After this "first step" the real repetition cycle beings, where that array is then "de-normalized" with $unwind and then a $project made in order to "match" the document that has been last "seen".

As only one of the documents will match this condition the results are again "sorted" in order to float the "unseen" documents to the top, while of course maintaining the grouping order. The next thing is similar to the first $group step, but where any kept positions are maintained and the "first unseen" document is "popped off the stack" again.

The document that was "seen" is then pushed back to the array not as itself but as a value of false. This is not going to match the kept value and this is generally the way to handle this without being "destructive" to the array contents where you don't want the operations to fail should there not be enough matches to cover the n results required.

Cleaning up when complete, the next "projection" adds an array to the final documents now grouped by "type" representing each position in the n results required. When this array is unwound, the documents can again be grouped back together, but now all in a single array that possibly contains several false values but is n elements long.

Finally unwind the array again, use $match to filter out the false values, and project to the required document form.

Practicality

The problem as stated earlier is with the number of results being filtered as there is a real limit on the number of results that can be pushed into an array. That is mostly the BSON limit, but you also don't really want 1000's of items even if that is still under the limit.

The trick here is keeping the initial "match" small enough that the "slicing operations" becomes practical. There are some things with the $geoNear pipeline process that can make this a possibility.

The obvious is limit. By default this is 100 but you clearly want to have something in the range of:

(the number of categories you can possibly match) X ( required matches )

But if this is essentially a number not in the 1000's then there is already some help here.

The others are maxDistance and minDistance, where essentially you put upper and lower bounds on how "far out" to search. The max bound is the general limiter while the min bound is useful when "paging", which is the next helper.

When "upwardly paging", you can use the query argument in order to exclude the _id values of documents "already seen" using the $nin query. In much the same way, the minDistance can be populated with the "last seen" largest distance, or at least the smallest largest distance by "type". This allows some concept of filtering out things that have already been "seen" and getting another page.

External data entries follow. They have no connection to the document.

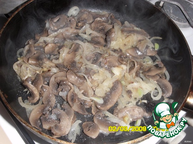 Шляпки от грибов нашинковать, потушить в сковородке |
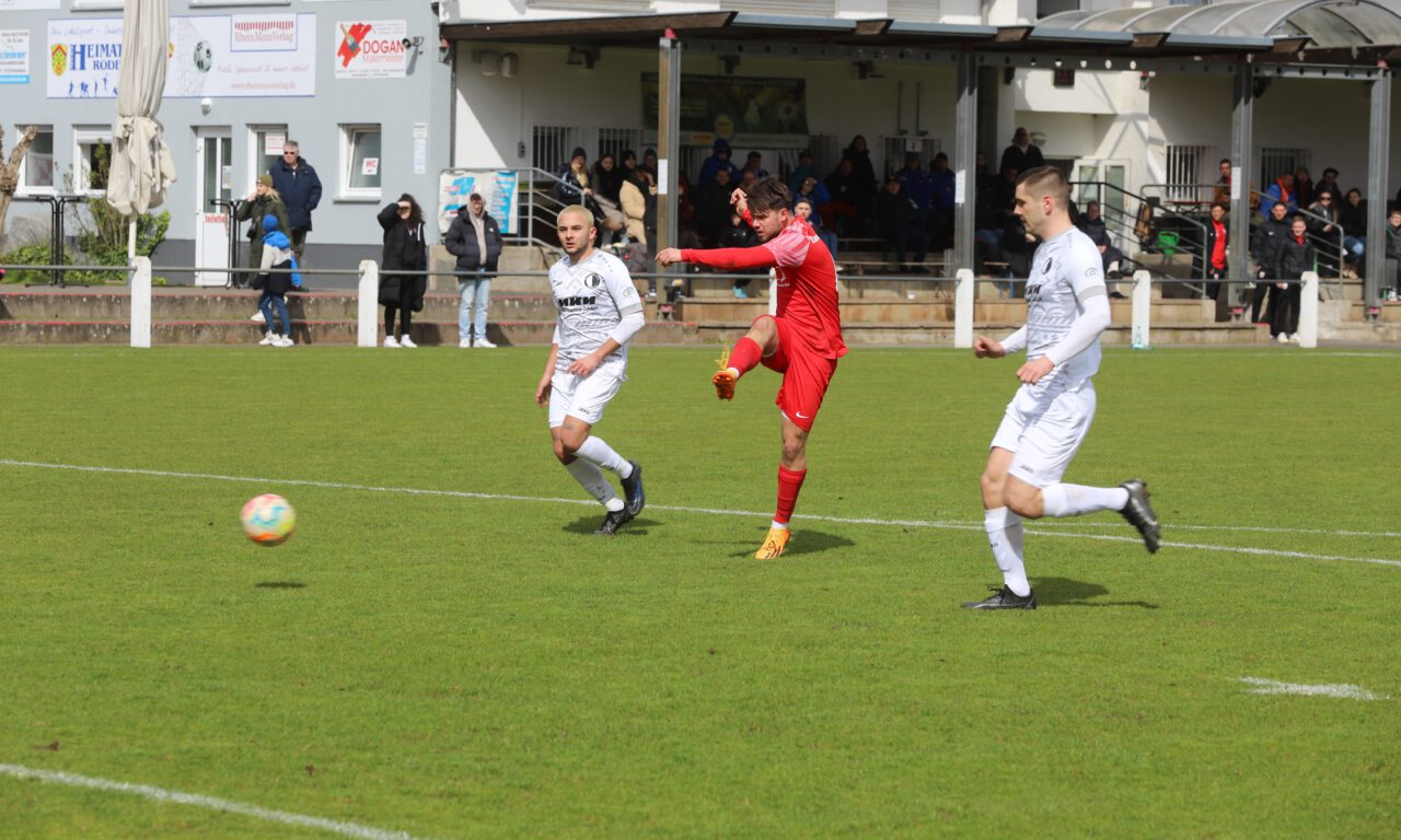 Wenn es vom Stadionsprecher um 16:53 Uhr aus den Boxen tönt: „Puh, das Spiel ist endlich aus,“ dann sahen die Zuschauer entweder ein extrem schwaches oder ein extrem knappes Spiel mit Vorteil der Heimmannschaft. Zweiteres war der Fall. Gegen den Tabellenführer SV Unter-Flockenbach erkämpfte sich das Team von Bastian Neumann einen eminent wichtigen 1:0 Heimsieg und damit drei noch wichtigere Punkte im Verbandsliga-Abstiegskampf. Mit Sicherheit war auch der schwer bespielbare TS-Hauptplatz ein Faktor, der den spielstarken Gästen nicht in die Karten spielte. Chancen gab es in der 1. Spielhälfte auf beiden Seiten. Bei den Gastgebern fehlte oft die Kaltschnäuzigkeit, wenngleich man den „Flockies“ sichtbar zusetzte. In der Hintermannschaft der Rot-weißen war über 90 Minuten hinweg immer ein Abwehrbein dazwischen, wenn die Gäste in Abschlusssituationen kamen. Kewin Siwek per Schlenzer und per Kopf war dicht dran am Führungstreffer. Sein Schuss war es auch, den der Torwart nach vorne prallen ließ, Kapitän Yannik Schultheis staubte zur Führung ab (42.), nicht unverdient. Kurz vor der Pause hielt Torwart Niklas Schwaar gegen Linus Hebling im Eins gegen eins überragend. Leidenschaftlich und mit großem Herz verteidigten die Hausherren in Halbzeit zwei. Hier rückte aber auch der Schiedsrichter in den Fokus, der ein ingesamt schweres Spiel zu leiten hatte. Nach 64 Minuten zeigte er Marius Wertge wegen einer Notbremse die Ampelkarte. Strittig, da ein TS-Verteidiger noch hätte eingreifen können. 25 Minuten (+Nachspielzeit) flogen nun Standards, Flanken und Schüsse in Richtung TS-Tor. Irgendwie war aber immer ein Bein dazwischen und Torwart Schwaar schien unüberwindbar. Nachdem Gäste-Torjäger Arikan den fälligen Ausgleich in der Nachspielzeit freistehend liegen ließ, war irgendwie klar: Der Fußballgott trug am vergangenen Sonntag Rot-weiß. Honoriert von vielen Zuschauern, die wirklich frenetisch jede Aktion begleiteten, rettete die Mannschaft von Bastian Neumann das 1:0 über die Zeit. In der Osterpause darf jetzt erstmal durchgeschnauft werden, um für den Abstiegskampf-Endspurt gewappnet zu sein. Es geht nun als nächstes gegen drei formstarke Teams, als erstes auswärts gegen Eintracht Wald-Michelbach (Samstag, 06.04.2024 um 16 Uhr).
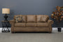 Bring a warm, rustic feel into your home with the Laura Collection, upholstered in tan leather air. Soft to the touch yet built for durability, it balances a supportive seat with a plush, inviting backrest. Jumbo window-pane stitching adds depth and character, while rolled arms and turned feet nod to timeless design.
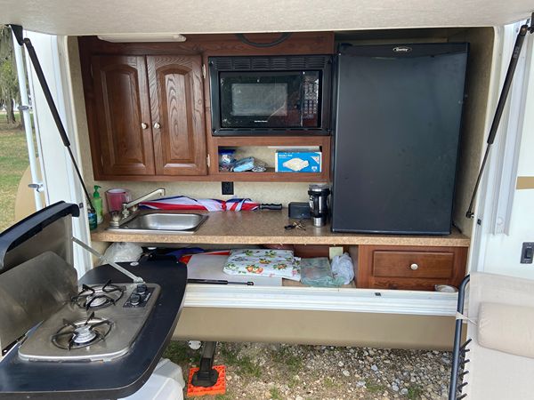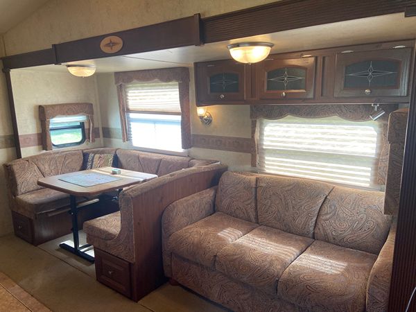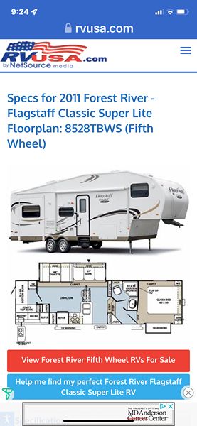 2011 Forest River Flagstaff Classic Super Lite 5th Wheel--Floorplan 8528 TBWS. 2 Slide outs. (one is closet in front bed) Huge amount of pass through storage. Door to back bunk room where bottom bed folds up for additional storage (bikes etc.) Power Awning and jacks. Always stored under Covered storage. Upgraded Mattress in Primary Bed, 2 TV's, (one in one out) Dinette can also make a bed, Bunk House in Back, Cold A/C with ducts to bedrooms, Outdoor Kitchen features Large Fridge, 2 Burner fold out Cook Top, Microwave, Sink and pull down TV in front of Microwave outside. 2 total microwaves, one inside and one outside. Receiver hitch on back to the frame for additional towing needs if desired etc. Kids are grown and we just don't use it enough anymore. $12,500 obo

Really a topic in itself, but those are the general things to look for in reducing that initial match in order to make the process practical.

Implementing

The general problem of returning "10 results at most, per type" is clearly going to want some code in order to generate the pipeline stages. No-one wants to type that out, and practically speaking you will probably want to change that number at some point.

So now to the code that can generate the monster pipeline. All code in JavaScript, but easy to translate in principles:

var coords = [-118.09771, 33.89244]; var key = "$type"; var val = { "_id": "$_id", "title": "$title", "author": "$author", "distance": "$distance" }; var maxLen = 10; var stack = []; var pipe = []; var fproj = { "$project": { "pos": { "$literal": [] } } }; pipe.push({ "$geoNear": { "near": coords, "distanceField": "distance", "spherical": true }}); pipe.push({ "$sort": { "type": 1, "distance": 1 }}); for ( var x = 1; x <= maxLen; x++ ) { fproj["$project"][""+x] = 1; fproj["$project"]["pos"]["$literal"].push( x ); var rec = { "$cond": [ { "$eq": [ "$pos", x ] }, "$"+x ] }; if ( stack.length == 0 ) { rec["$cond"].push( false ); } else { lval = stack.pop(); rec["$cond"].push( lval ); } stack.push( rec ); if ( x == 1) { pipe.push({ "$group": { "_id": key, "1": { "$first": val }, "books": { "$push": val } }}); pipe.push({ "$project": { "1": 1, "books": { "$cond": [ { "$eq": [ { "$size": "$books" }, 1 ] }, { "$literal": [false] }, "$books" ] } }}); } else { pipe.push({ "$unwind": "$books" }); var proj = { "$project": { "books": 1 } }; proj["$project"]["seen"] = { "$eq": [ "$"+(x-1), "$books" ] }; var grp = { "$group": { "_id": "$_id", "books": { "$push": { "$cond": [ { "$not": "$seen" }, "$books", false ] } } } }; for ( n=x; n >= 1; n-- ) { if ( n != x ) proj["$project"][""+n] = 1; grp["$group"][""+n] = ( n == x ) ? { "$first": "$books" } : { "$first": "$"+n }; } pipe.push( proj ); pipe.push({ "$sort": { "_id": 1, "seen": 1 } }); pipe.push(grp); } } pipe.push(fproj); pipe.push({ "$unwind": "$pos" }); pipe.push({ "$group": { "_id": "$_id", "msgs": { "$push": stack[0] } } }); pipe.push({ "$unwind": "$books" }); pipe.push({ "$match": { "books": { "$ne": false } }}); pipe.push({ "$project": { "_id": "$books._id", "title": "$books.title", "author": "$books.author", "type": "$_id", "distance": "$books", "sortOrder": { "$add": [ { "$cond": [ { "$eq": [ "$_id", "Fiction" ] }, 1, 0 ] }, { "$cond": [ { "$eq": [ "$_id", "Science" ] }, 0, 0 ] }, { "$cond": [ { "$eq": [ "$_id", "Horror" ] }, 3, 0 ] }, ] } } }); pipe.push({ "$sort": { "sortOrder": 1, "distance": 1 } });

Alternate

Of course the end result here and the general problem with all above is that you really only want the "top 10" of each "type" to return. The aggregation pipeline will do it, but at the cost of keeping more than 10 and then "popping off the stack" until 10 is reached.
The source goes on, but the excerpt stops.